From the first line to the last, retype everything below exactly, minus the pictures.

**Supplied material**
********

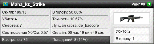 | de_badcore | 4 | 0.57 | 0.20 | 1 | 13 | 00:19:49 | 26.11.2018 | |
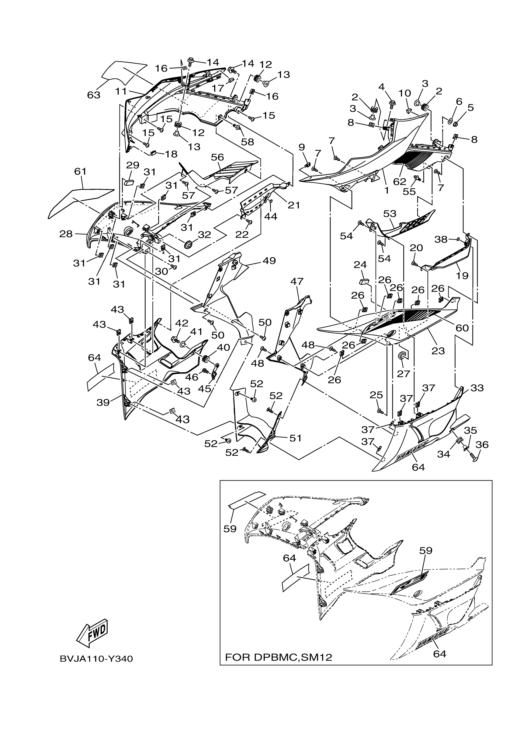 Yamaha YZFR3APP (YZFR3 ABS) BVJA 2023 COWLING 1 Diagram
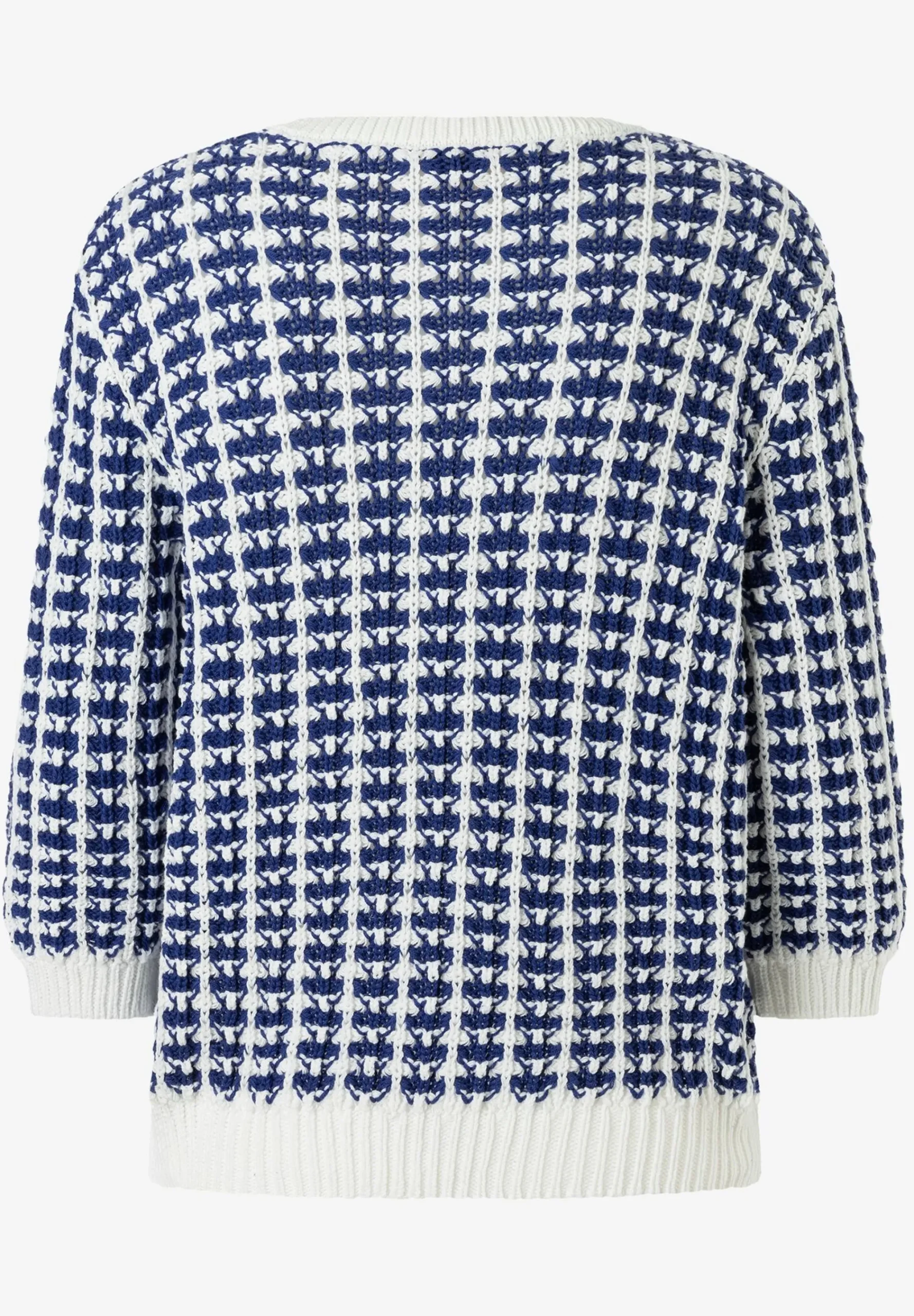 Der zweifarbig gemusterte Pullover von MORE & MORE mit 3/4 langen Ärmeln kann mit verwaschener Jeans genauso gut kombin…

********

**Solution below**
 | de_badcore | 4 | 0.57 | 0.20 | 1 | 13 | 00:19:49 | 26.11.2018 | |
 Yamaha YZFR3APP (YZFR3 ABS) BVJA 2023 COWLING 1 Diagram
 Der zweifarbig gemusterte Pullover von MORE & MORE mit 3/4 langen Ärmeln kann mit verwaschener Jeans genauso gut kombin…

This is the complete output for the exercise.